For the sake of our own intellectual integrity, we ought to resist allowing our own thinking to be corrupted in such ways. The state – and its Ministry of Information (i.e., the media) — endeavor to get us to rationalize such self-serving, contradictory distinctions. Thus, if the Israeli government uses tanks to destroy Palestinian buildings, it is engaged in "police action," but if the Palestinians use bombs to attack Jewish targets, they are engaged in "terrorism." Likewise, when American planes bomb cities it is called "peacekeeping," but when the "enemy" retaliates, it is called "terrorism." Our killing of innocent civilians is referred to as "collateral damage," while their killings are labeled "atrocities."

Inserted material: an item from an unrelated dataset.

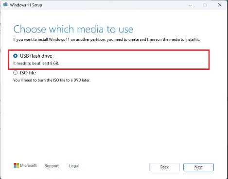 3. Select the "USB flash drive" option and select the flash drive from the list.

On September 12th, while discussing these contradictory definitions of reality with others, one man tried to generate a meaningful distinction by saying: "but when we do these things, we at least have the courtesy of dropping bombs from airplanes." Bombing others is an act of courtesy? How, then, does one define rudeness?

In discussing matters of this sort, I am often accused of "playing mind games" by those who find such charge a convenient way of avoiding the highly energized effort one must always undertake in living a self-responsible life of integrity. But who is toying with your mind: those who engage in deceitful practices in order to manipulate your thinking, or those who expose such behavior? Other than energizing our own minds, how else are we to put an end to our participation in the deadly games that result from our acceptance of the playground logic "my side u2018good,' your side u2018bad'?"

If it is our desire to end terrorism, we must do so generically, not in the partial and fraudulent manner contemplated by President Bush. We must confront the truth that most of us fear to acknowledge, namely, that every state system, in wartime, is playing the identical game; that there are no "good guys" and "bad guys" in any war, however much we enjoy deluding ourselves to the contrary. There are no "noble" or "just" wars when the lives of millions of innocent men, women, and children are consumed in the slaughter.

I have long been in favor of ending terrorism in the world, long before it became fashionable to war against only certain factions of it. But let us be more inclusive as to its sources. Let us put an end to terrorism, not with the use of bombs, tanks, nuclear weapons, and secret military trials, but by withdrawing our support from that which makes terrorism not only possible, but necessary: political systems. Let us expand the front lines to include not simply the terrorist practices disapproved of by states, but the far more destructive, deadly, and dehumanizing practices of statism itself.